### Task statement
Set the whole listing down again, word for word, with no pictures.

### Available data
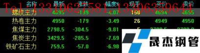 今日螺纹主力期货跌199,收报4695,跌幅4.07%;热卷主力跌179,收报4950,跌幅3.49%;焦煤主力跌304.5,收报2798.5,跌幅9.81%;焦炭主力跌285.5,收报3429.5,跌幅7.69%;铁矿石主力跌57,收报759.5,跌幅6.98%。
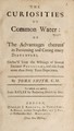 The curiosities of common water: or the advantages thereof in preventing and curing many distempers. Gather'd from the writings of several eminent physicians, and also from more than forty years' experience. To which are added, some rules for preserving health by diet / by John Smith.
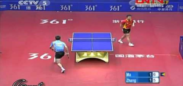 Un autre très bon service mais dans un autre genre ! Prendre une initiative solide sur ce service est très problématique. Il s’agit d’un service deux rebonds, appelé aussi «service infirmerie », que Ma Lin exécute à la perfection ! (Un service deux rebonds est un service où le deuxième rebond vient « fleurter » avec la ligne blanche ce qui entraîne une hésitation du relanceur...

### Written answer
 今日螺纹主力期货跌199,收报4695,跌幅4.07%;热卷主力跌179,收报4950,跌幅3.49%;焦煤主力跌304.5,收报2798.5,跌幅9.81%;焦炭主力跌285.5,收报3429.5,跌幅7.69%;铁矿石主力跌57,收报759.5,跌幅6.98%。
 The curiosities of common water: or the advantages thereof in preventing and curing many distempers. Gather'd from the writings of several eminent physicians, and also from more than forty years' experience. To which are added, some rules for preserving health by diet / by John Smith.
 Un autre très bon service mais dans un autre genre ! Prendre une initiative solide sur ce service est très problématique. Il s’agit d’un service deux rebonds, appelé aussi «service infirmerie », que Ma Lin exécute à la perfection ! (Un service deux rebonds est un service où le deuxième rebond vient « fleurter » avec la ligne blanche ce qui entraîne une hésitation du relanceur...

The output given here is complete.